9.4.  DTLS Association (UDP/DTLS/SCTP and TCP/DTLS/SCTP)

   A DTLS association is managed according to the procedures in
   [RFC8842].  Hence, the SDP "setup" attribute is used to negotiate the
   (D)TLS roles ("client" and "server") [RFC8122].

      |  NOTE: The SDP "setup" attribute is used to negotiate both the
      |  DTLS roles and the TCP roles (Section 9.5).

      |  NOTE: As described in [RFC8445], if the Interactive
      |  Connectivity Establishment (ICE) mechanism [RFC8445] is used,
      |  all ICE candidates associated with a DTLS association are
      |  considered part of the same DTLS association.  Thus, a switch
      |  from one candidate pair to another candidate pair will not
      |  trigger the establishment of a new DTLS association.

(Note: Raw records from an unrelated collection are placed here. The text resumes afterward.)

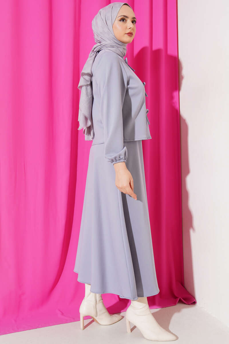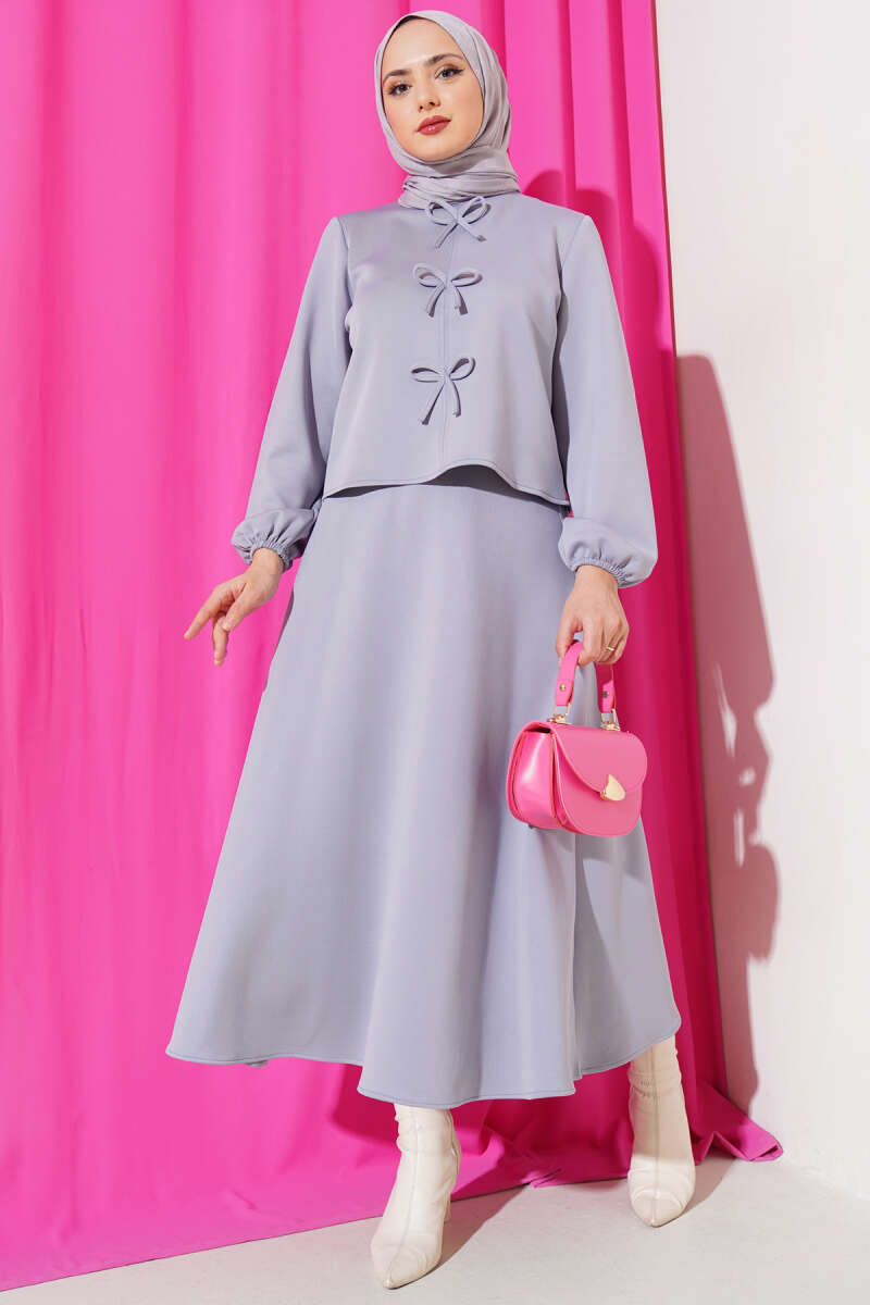 Önü Fiyonklu Etekli Scuba İkili Takım Gri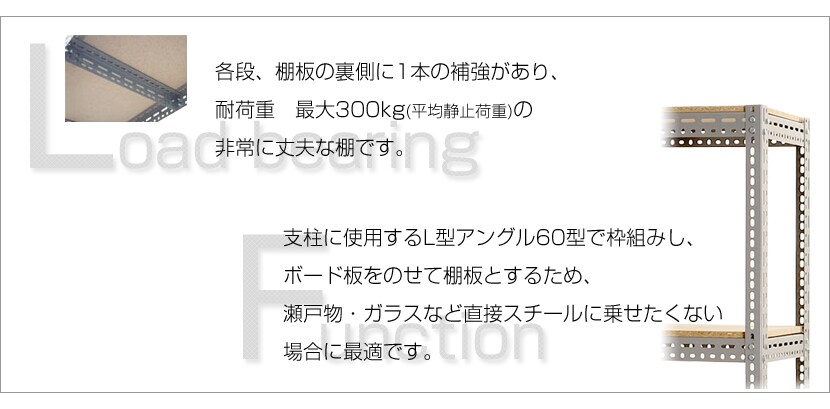 - スチールラック 中量棚 300kg/段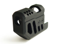 どんな銃でも射撃時には必ず反動と跳ね上がりが生じ、連続的に発射した場合は標的への照準ブレが大きくなっていきます。ターゲットへ連続かつ正確に射的する為に、弾丸発射時の年少ガスを指向性に噴出させ、銃口の跳ね上がりや反動を抑制する装置をコンペンセイターと言います。生死を分けたCQB戦では、標的を確実に葬る為にダブルタップ(2連続発射)が基本前提であり、コンペンセイターの有効性は計り知れないものです。また、競技の場合でも同様で、2射目への斜線移動を少しでも正確に行う為に多くのユーザーが使用しています。エアガンの場合、発射ガスは反動や跳ね上がりを抑制するだけのエネルギーがない為、ドレスアップ的なアイテムと思われがちですが、実はフロントを若干重くすることで、跳ね上がりや最ティング時のブレを軽減するウエイトバランス的な要素があり、射撃時の安定効果に繋がります。今回、単純形状の多い実物品をコピーしたデザインではなく、あくまでもエアガン専用に考え、書き起こした新デザインでご提案いたします。重量もただ重たくしただけではなく、重すぎず軽すぎない実射性能を考慮したウエイトバランスを実現。また、アルミ合金からのオール切削加工による重厚な質感が、さらなる満足感を与える逸品となるでしょう。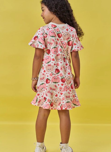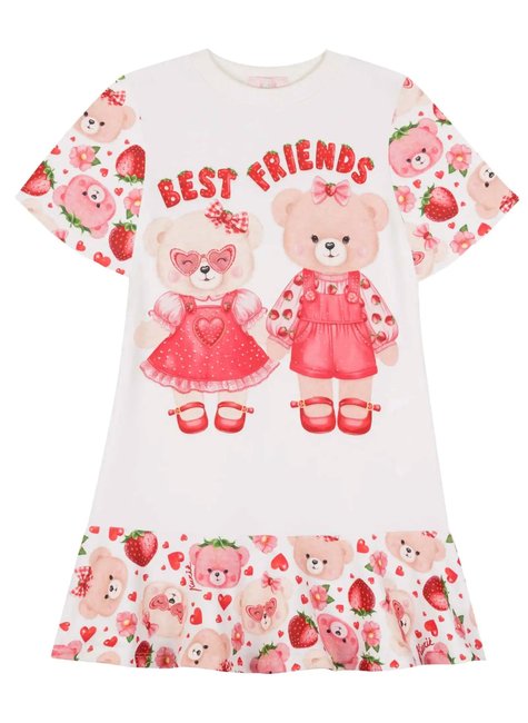 O vestido em molecotton, é ideal para o dia a dia ou ocasiões especiais! Disponível em uma cor super estilosa - vermelho - ele acompanha uma bolsa e oferece conforto e leveza, perfeito para as meninas se movimentarem livremente, proporcionando a combinação perfeita de estilo e conforto em uma peça só. A sublimação divertida e o strass, adicionam um charme especial à peça!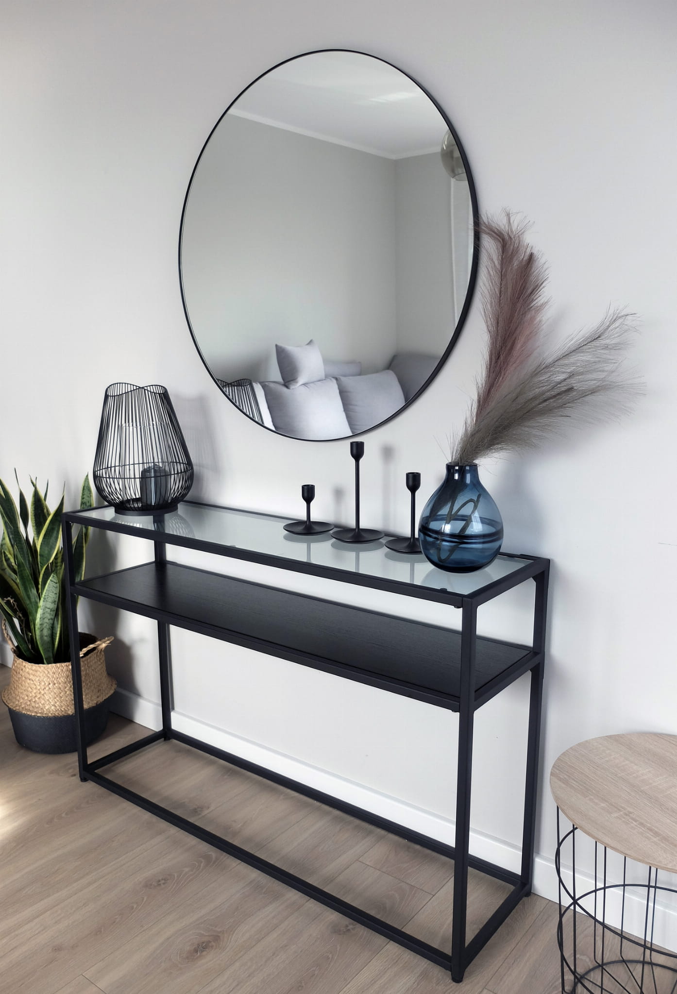 Lustro okrągłe w czarnej oprawie 90 to piękne lustro o idealnym kształcie zamknięte w ponadczasowej czerni, która otula ramę lustra. Jest nieodzownym elementem wyposażenia łazienek ale również znakomicie wpasuje się do przestronnego korytarza lub w intymnej sypialni, a nawet w pięknym salonie i garderobie. Efektowne lustro, które przykuwa wzrok i zniewala swoją prostotą oraz ponadczasową elegancją będzie wyszukaną i niepowtarzalną ozdobą każdej aranżacji nie tylko łazienkowej. Może stać się dopełnieniem wybranego stylu i będzie komponowało się z wyposażeniem oraz pozostałymi dodatkami. Warto dodać, że lustro wykonane zostało przez polskiego producenta OK STYL, który stawia na jakość swoich wyrobów i bezpieczeństwo klientów i dlatego też krawędzie lustra zostały starannie wyszlifowane i wypolerowane. Lustro w czarnej ramie idealnie pasuje do nowoczesnych łazienek oraz innych pomieszczeń w naszym domu, znacznie uatrakcyjni naszą aranżację oraz nada niepowtarzalnego wystroju naszemu wnętrzu.

9.5.  TCP Connection (TCP/DTLS/SCTP)

   The TCP connection is managed according to the procedures in
   [RFC4145].  Hence, the SDP "setup" attribute is used to negotiate the
   TCP roles ("active" and "passive"), and the SDP "connection"
   attribute is used to indicate whether to use an existing TCP
   connection or create a new one.  The SDP "setup" attribute "holdconn"
   value MUST NOT be used.

      |  NOTE: A change of the TCP roles will also trigger a closure of
      |  the DTLS association and establishment of a new DTLS
      |  association, according to the procedures in [RFC8842].

      |  NOTE: As specified in [RFC8842], usage of the SDP "setup"
      |  attribute "holdconn" value is not allowed.  Therefore, this
      |  specification also forbids usage of the attribute value for
      |  TCP, as DTLS is transported on top of TCP.

10.  SDP Offer/Answer Procedures

10.1.  General

   This section defines the SDP Offer/Answer [RFC3264] procedures for
   negotiating and establishing an SCTP-over-DTLS association.  Unless
   explicitly stated, the procedures apply to both the "UDP/DTLS/SCTP"
   and "TCP/DTLS/SCTP" "m=" line proto values.

   Each endpoint MUST associate one or more certificate fingerprints
   using the SDP "fingerprint" attribute with the "m=" line, following
   the procedures in [RFC8122].

   The authentication certificates are interpreted and validated as
   defined in [RFC8122].  Self-signed certificates can be used securely,
   provided that the integrity of the SDP description is assured, as
   defined in [RFC8122].

   Each endpoint MUST associate an SDP "tls-id" attribute with the "m="
   line, following the procedures in [RFC8842].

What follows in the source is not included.